Figure 3: Output from the Intel® Compiler vec-report

Note that the Intel Compiler can be run on just a portion of the code and will be compatible with the native compilers (gcc on Linux and Mac OS X and Microsoft Visual Studio\* on Windows).

#### Step 4. Get Advice Using the Intel Compiler GAP Report and Toolkit Resources

Run the Intel Compiler Guided Auto-parallelization (or GAP) report to see suggestions from the compiler on how to vectorize your loop candidates from **Step 3**. Examine the advice and refer to additional toolkit resources as needed.

Run the GAP report using the "guide" or "/Qguide" options for the Intel Compiler.

Note: You can run the Intel Compiler on just parts of your application if needed.

for (i=0; i<n; i++) {
 if (A[i] > 0) { b=A[i]; A[i] = 1 / A[i]; }
 if (A[i] > 1) { A[i] += b; }
}

Figure 4: Example of a nonvectorizing loop

scalar\_dep.cpp(80): warning #30515: (VECT)
Assign a value to the variable(s) "b" at
the beginning of the body of the loop in
line 80. This will allow the loop to be
vectorized. [VERIFY] Make sure that, in the
original program, the variable(s) "b"
read in any iteration of the loop has been
defined earlier in the same iteration.

Figure 5: GAP advice for the loop in Figure 4

#### Step 5.

#### Implement GAP Advice and Other Suggestions (Such as Using Elemental Functions and/or Array Notations)

Now that you know the GAP report suggestions for your loop, it's time to implement them if possible.

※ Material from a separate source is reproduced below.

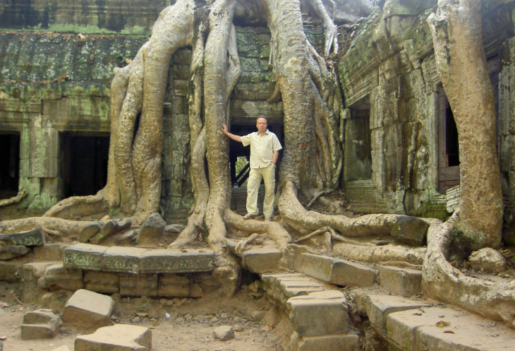 Кимли оказался прав, посоветовав начать осмотр с Та Прома. Мы приехали туда практически в гордом одиночестве, но уже минут через 20 нас догнала куча туристов – в основном китайцы. Впрочем, попадались и соотечественники, которые бодро карабкались по деревьям и кричали: «Ну давай уже, снимай, долго я так не провишу». В Та Проме, действительно, есть, что сфотографировать. Это не только обвитые корнями развалины, но и внушительные, просто огромные деревья.
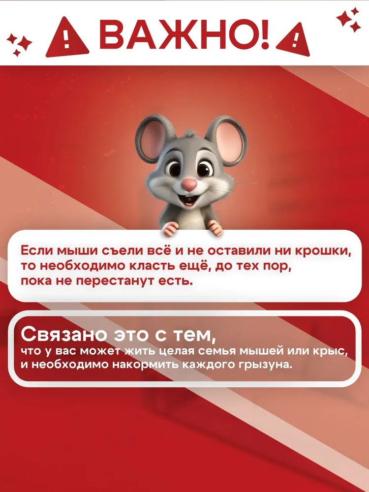 Приманка в форме тесто-брикета создана специально для борьбы с крысами, так как в своем обычном питании крысы, в отличие от мышей, предпочитают не столько зерно, сколько разнообразный корм растительного и даже животного происхождения.

The report may suggest making a code change. Make sure the change would be "safe" to do. In other words, make sure the change does not affect the semantics or safety of your loop. One way to ensure that the loop has no dependencies that may be affected is to see if executing the loop in backwards order would change the results. Another is to think about the calculations in your loop being in a scrambled order. If the results would be changed, your loop has dependencies and vectorization would not be "safe." You may still be able to vectorize by eliminating dependencies in this case.

Modify your source to give additional information to the Compiler or optimize your loop for better vectorization.

At this point you may introduce some of the high-level constructs provided by Cilk Plus or Fortran. You can find links to full details of the available constructs in the online Vectorization Toolkit.

#### Step 6: Repeat!

Iterate through the process as needed until performance is achieved or until there are no good candidates left in your hotspots.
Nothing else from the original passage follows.